Division of Transplantation, University of California, San Francisco, CA 94143, USA.

出版信息

J Gastrointest Cancer. 2010 Dec;41(4):217-20. doi: 10.1007/s12029-010-9163-y.

Abstract

Hepatocellular carcinoma (HCC) remains a common cause of mortality worldwide. Liver transplantation has emerged as the optimal treatment for cirrhotic patients with HCC; however, the shortage of donor organs leaves waitlisted patients at risk for disease progression beyond transplant criteria. Prevention of waitlist dropout has fueled investigation into a wide array of locoregional therapies for the management of HCC in candidates awaiting liver transplantation.
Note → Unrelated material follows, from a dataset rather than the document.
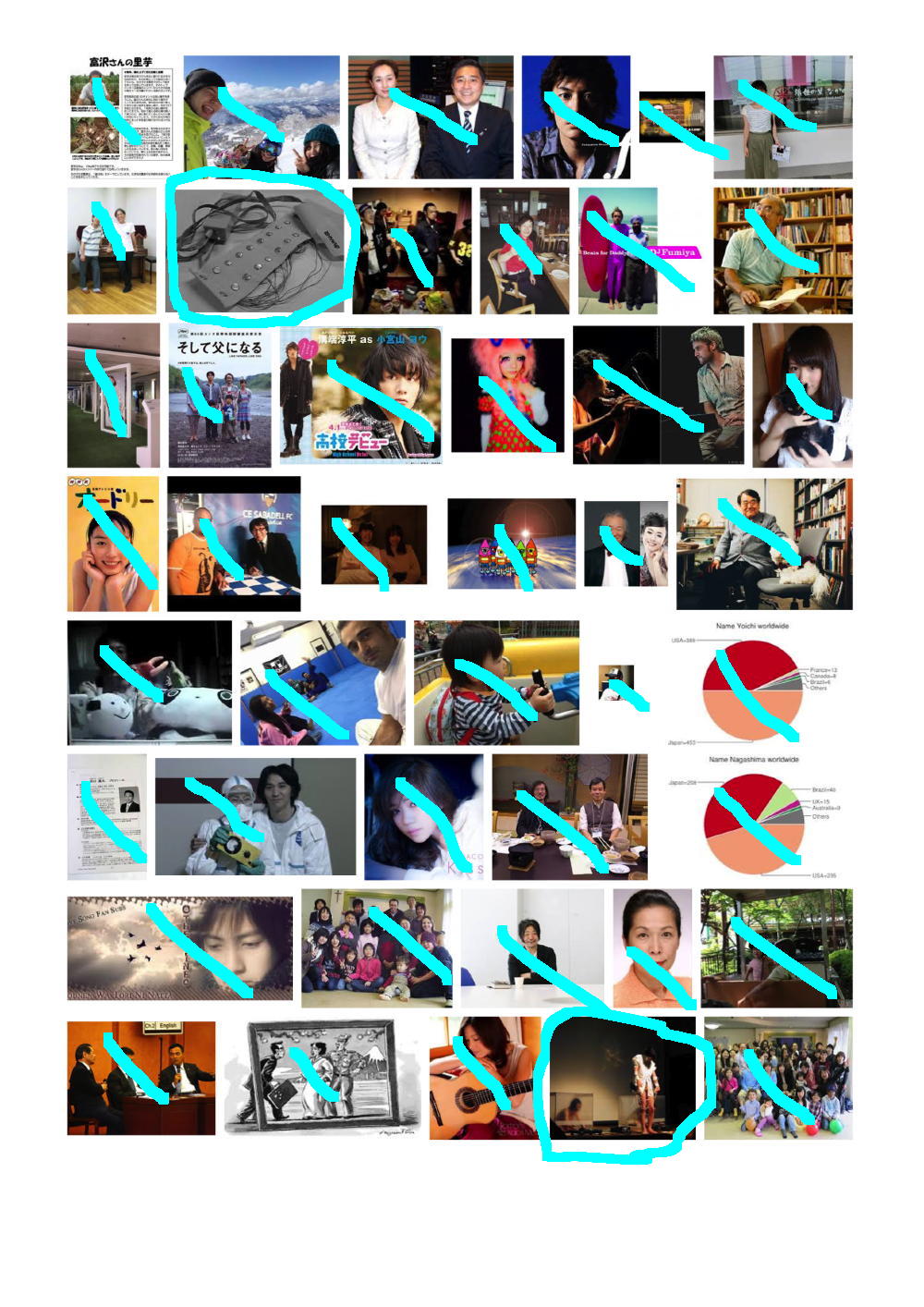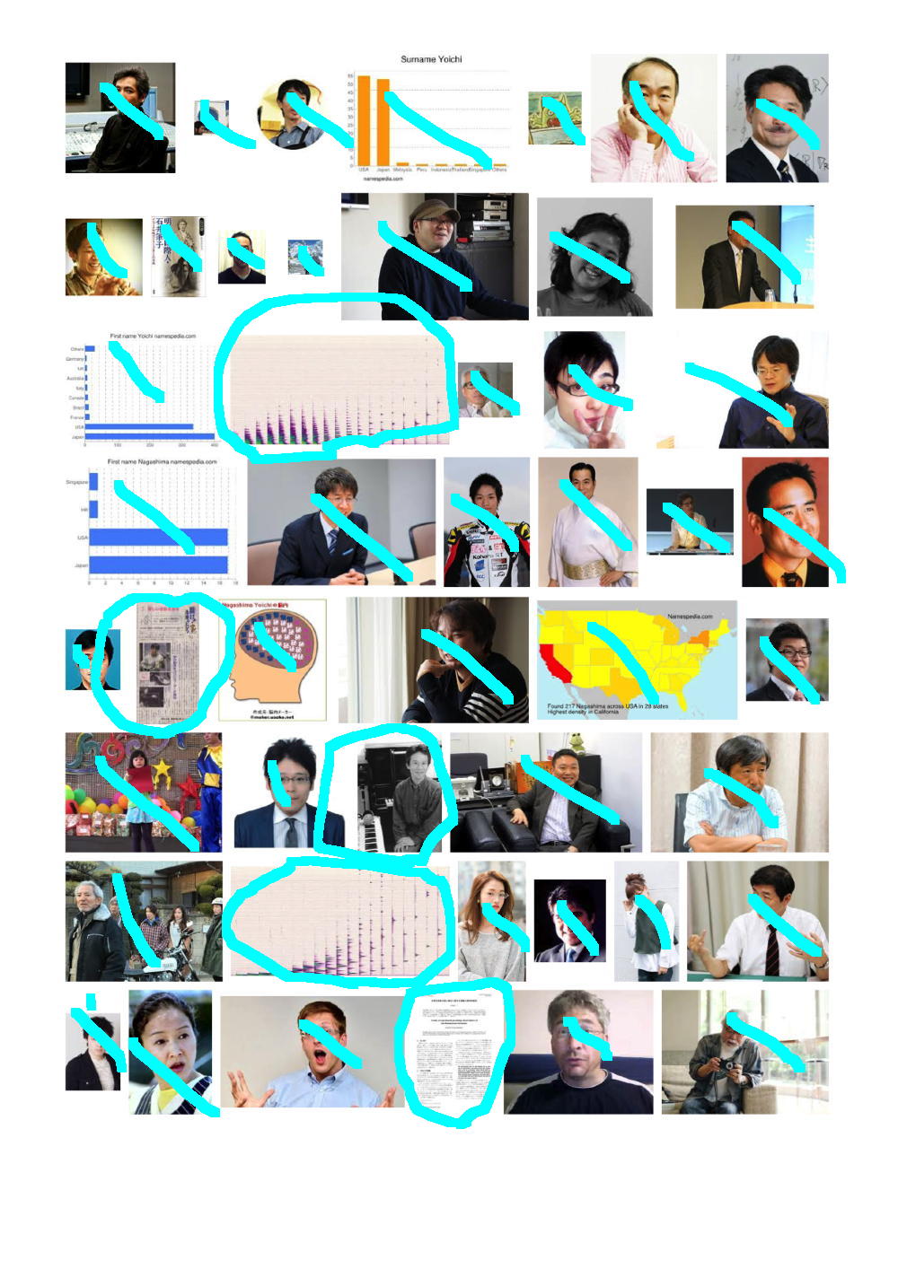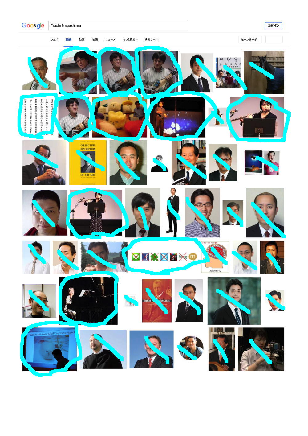 そして上は、「Yoichi Nagashima」と検索してみて出て来た最初の9ページである。 同様に僕のサイトにあるか、または別のサイトにあるものの間違いなく僕であるものにマルを付けてみると、けっこうたくさんあるものの、まったく関係ない画像もたくさんあった。 つまり例えば、悪意をもって、ある人の名前でGoogle検索して、その直前とか直後に「見たくもない画像」を検索表示して・・・というのを何人もで何度となく繰り返せば、その人の名前でGoogle画像検索した結果のトップに「見たくもない画像」がたくさん並ぶ、というのは簡単なのである。 これはGoogleの仕様であり、まったく関与することの出来ない、困った状態なのだ。 対策は簡単であり、「Googleなんて使わない」「Google検索結果なんて気にしない」、つまりはこれまでと同じあれば、僕は安心なのである。(^_^;)

We present a patient with HCC who underwent treatment with sorafenib, which resulted in a remarkable reduction in tumor burden to allow for liver transplant listing.

摘要

肝细胞癌(HCC)仍然是全球范围内常见的死亡原因。肝移植已成为肝硬化合并HCC患者的最佳治疗方法;然而,供体器官短缺使列入等待名单的患者面临疾病进展超出移植标准的风险。预防等待名单上的患者退出促使人们对多种局部区域治疗方法进行研究,以管理等待肝移植的HCC患者。我们报告了一名接受索拉非尼治疗的HCC患者,该治疗使肿瘤负荷显著降低,从而得以列入肝移植等待名单。